At level 2, the majority of Eurozone sectors are trading at a discount to the US.

Table 6: MSCI Eurozone vs US - current vs historical median

12m Fwd PE
Eurozone vs US Current Median Current vs Median
IT 1.03 1.06 -2%
Staples 0.95 1.00 -5%
Materials 0.81 0.86 -6%
Industrials 0.80 0.89 -11%
Telecoms 0.78 0.91 -14%
Utilities 0.76 0.89 -15%
Healthcare 0.76 0.94 -19%
Market 0.63 0.81 -22%
Energy 0.58 0.76 -24%
Discretionary 0.48 0.67 -27%
Real Estate 0.31 0.47 -33%
Financials 0.54 0.82 -34%

Source: IBES, Median since 1995

Relative to the historical discount, every single European sector is trading at least as much or more attractive.

Table 7: Eurozone vs US 12m Fwd PE: Current vs long term average

12m Fwd PE
Eurozone vs US Current Median Current vs Median
Telecoms 1.57 1.08 45%
Cons Durables 1.69 1.25 35%
HPC 1.23 1.14 8%
Food Bev&Tob 1.06 1.01 4%
Chemicals 0.95 0.92 4%
Cap Goods 0.86 0.88 -2%
Software 0.91 1.00 -9%
Semicon 1.08 1.26 -14%
Utilities 0.76 0.89 -15%
Hotels,Rest&Leis 0.80 0.95 -16%
Insurance 0.74 0.89 -16%
Healthcare 0.76 0.94 -19%
Prof.
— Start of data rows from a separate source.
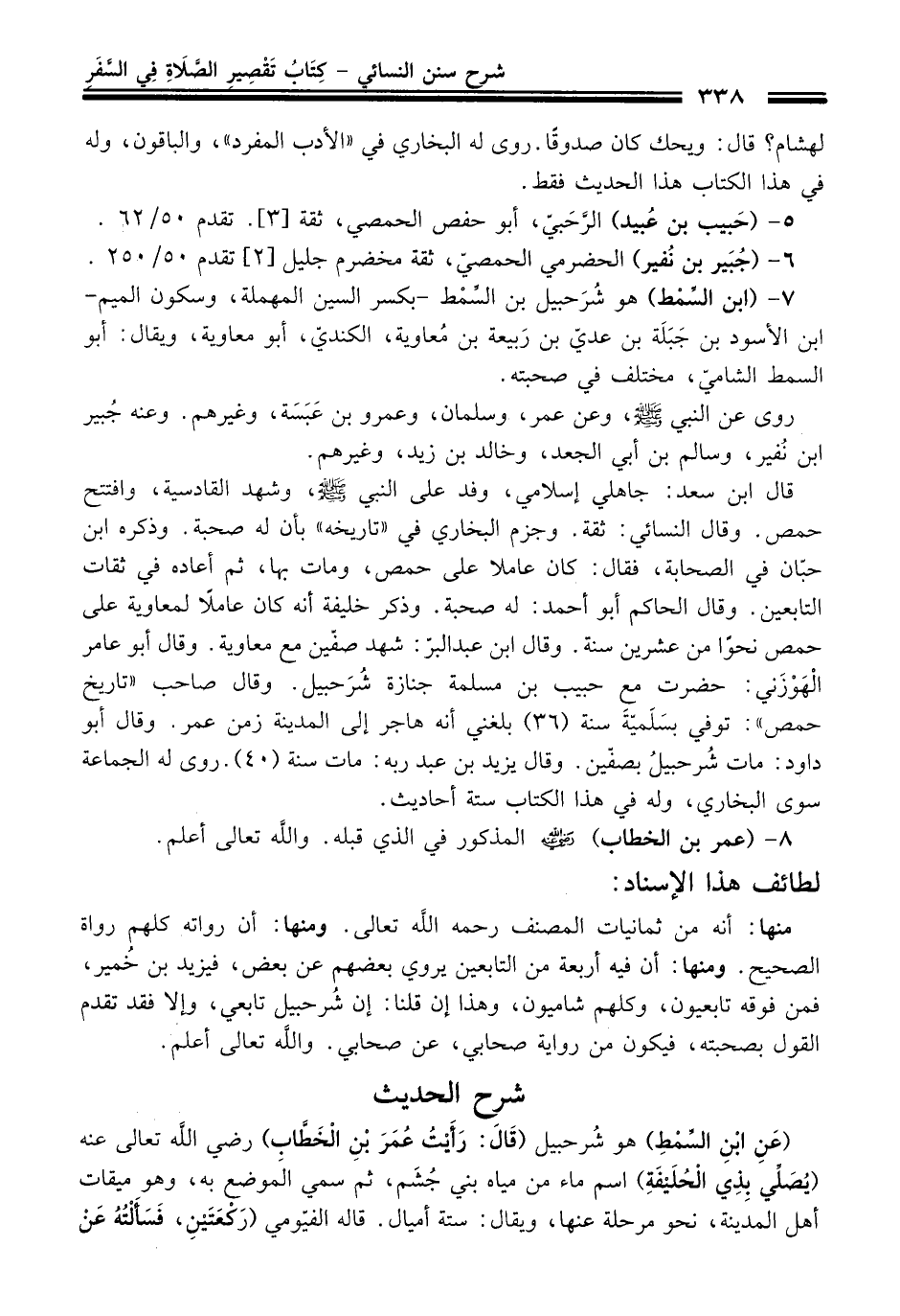 منها: أنه من ثمانيات المصنف -رحمه اللَّه تعالى-. ومنها: أن رواته كلهم رواة الصحيح. ومنها: أن فيه أربعة من التابعين يروي بعضهم عن بعض، فيزيد بن خُمير، فمن فوقه تابعيون، وكلهم شاميون، وهذا إن قلنا: إن شُرحبيل تابعي، وإلا فقد تقدم القول بصحبته، فيكون من رواية صحابي، عن صحابي. واللَّه تعالى أعلم.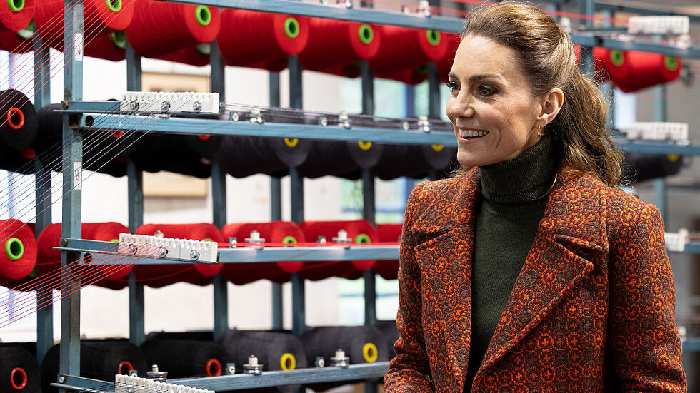 Принцесата на Уелс Кейт Мидълтън изпробва уменията си като шивачка по време на визитата си в градчето Кардиган. Тя посети работилница за първокачествени дънки, притежавана от местно семейство.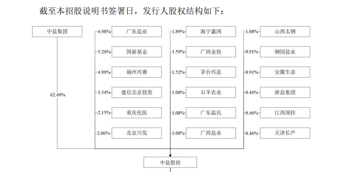 截至本招股说明书签署日,中盐集团直接持有中盐股份22.95亿股股份,持股比例为62.49%,为公司的控股股东、实际控制人。中盐集团由国务院国资委持股90%、全国社会保障基金理事会持股10%。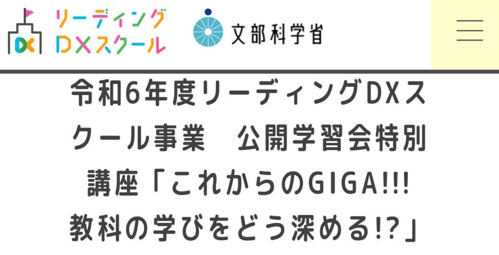 リーディングDXスクール事業 公開学習会の特別講座のご案内です。「これからのGIGA!!! 教科の学びをどう深める!?」をテーマに、文部科学省主任視学官 田村 …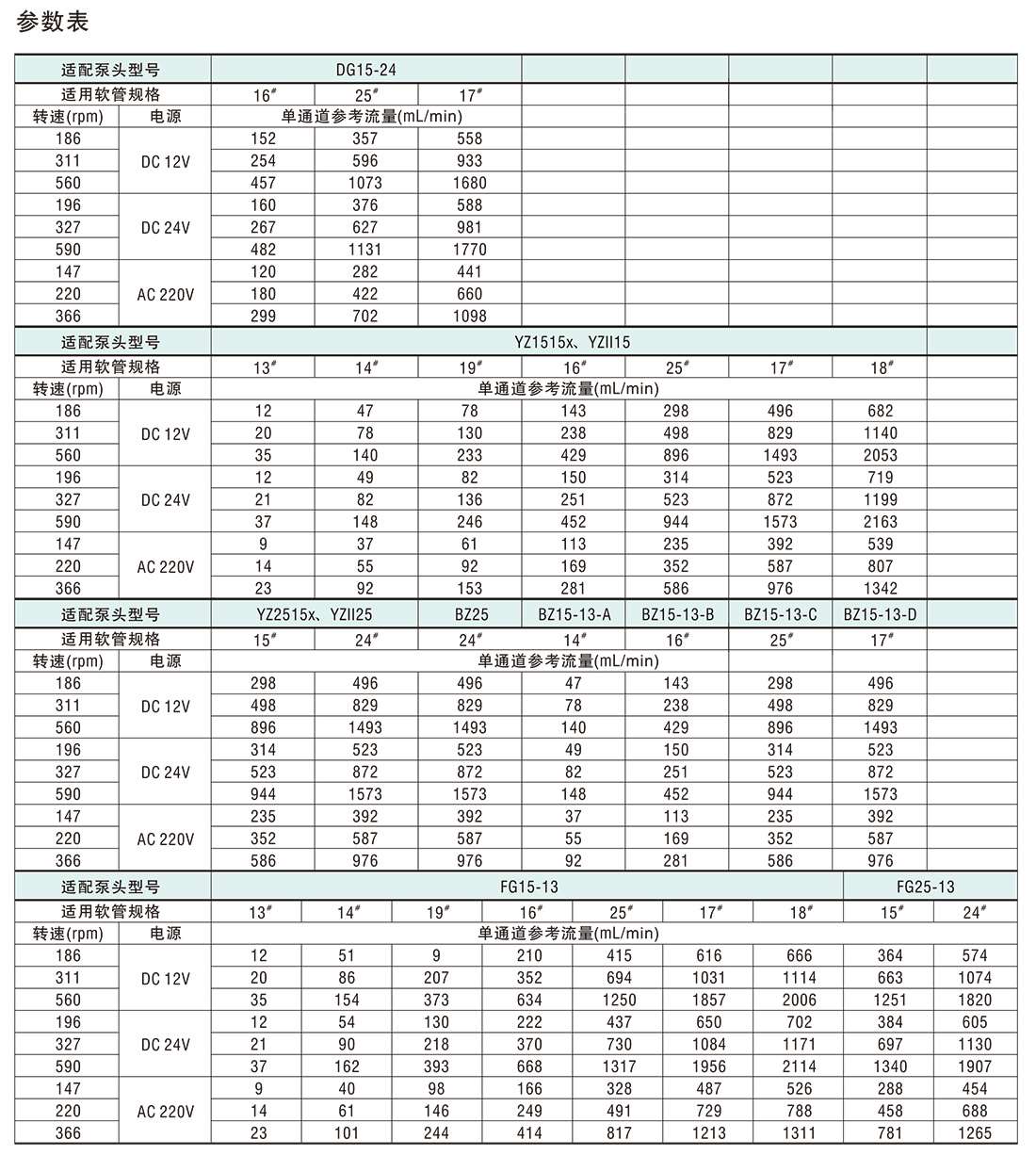適配泵頭:YZ1515X,YZ2515X,YZⅡ15,YZⅡ25等。其他泵頭型號以及適用軟管規格,請參考最新產品樣本。

Services 0.66 0.84 -21%
Market 0.63 0.81 -22%
Energy 0.58 0.76 -24%
Div Fin 0.64 0.86 -25%
Banks 0.60 0.89 -33%
Real Estate 0.31 0.47 -33%
Transport 0.56 0.94 -40%
Food Drug Ret 0.44 0.86 -50%
Met&Min 0.36 0.72 -50%
Retailing 0.51 1.04 -51%
Cons Mat 0.28 0.58 -51%
Tech Hardware 0.43 0.98 -57%
Automobile 0.31 0.81 -61%

Source: IBES, median since 1995

Table 7 shows the discount vs historical for level 2 subsectors.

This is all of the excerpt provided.